No sé si vio el artículo que apareció publicado en el periódico este fin de semana, doctora, pero han encontrado algunos de los objetos robados en el cobertizo de la casa de aquel adolescente. Bueno, de la de sus padres, mejor dicho. La cuestión es que llamé al policía que llevaba mi caso para ver si algo de lo que habían encontrado era mío, pero me contestó que habían localizado ya a todos los propietarios de los objetos robados. Luego me acordé de otra cosa que decía el artículo: todos los robos se habían perpetrado de noche.

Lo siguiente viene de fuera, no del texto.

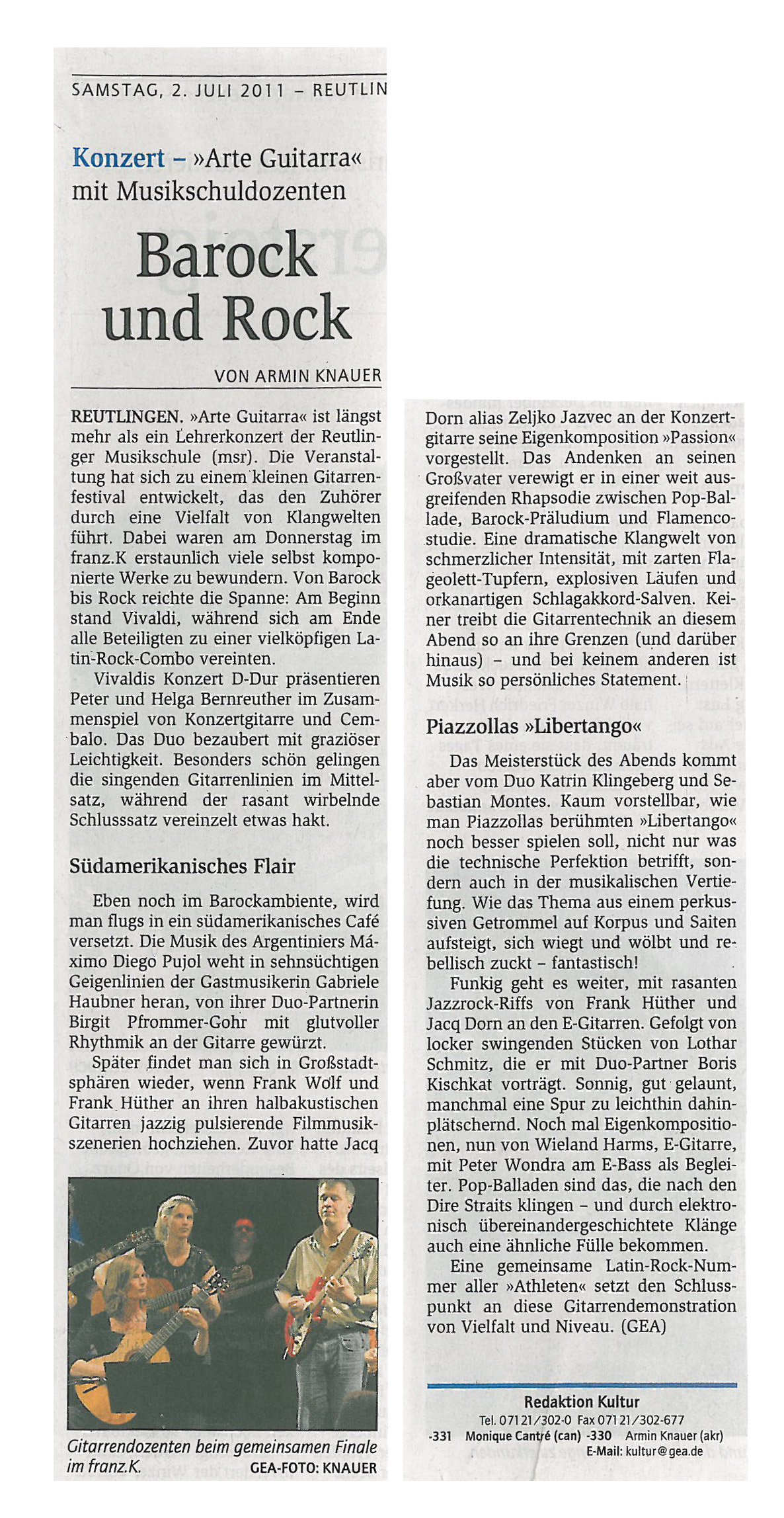 Jacq Dorn beweist an der klassischen Gitarre eine rasende Fingerfertigkeit, der einfach kein Tempo zu schnell, keine Zahl an Noten zu groß ist…»Ich bin kein Neutöner«, sagt Jacq Dorn, »Musik muss mein Herz ansprechen. Atonale Musik, die nur den Geist anspricht, erreicht mich nicht.« Mit diesem Kompositionsstil erreicht er an diesem Abend ganz offensichtlich das Reutlinger Publikum.

Entonces, ¿por qué iba un ladrón, en especial un ladrón adolescente, a modificar su modus operandi sólo para entrar en mi casa? Tuvo que haberlo preparado a conciencia para saber a qué hora exacta salía yo a correr, así que ¿por qué no se llevó nada?
Empecé a pensar en que el Animal había calculado perfectamente el momento exacto en que me secuestraría, puesto que llegó al término de la jornada de puertas abiertas un día de calor sofocante, cuando sabía que no habría nadie. El Animal, que me había dicho que no había sido nada fácil adecentar aquella cabaña. El Animal, que pudo haber necesitado ayuda…
¿Y si tenía un cómplice?
Podía haber tenido un amigo, o algún hermano chiflado que esté cabreado conmigo por habérmelo cargado, yo qué sé… Había dado por sentado que la persona que había entrado en mi casa sabía que yo no estaba, pero ¿y si creía que sí estaba en casa? Mi coche estaba aparcado en la puerta, y era muy temprano. Pero ¿por qué venir a por mí después de todo este tiempo?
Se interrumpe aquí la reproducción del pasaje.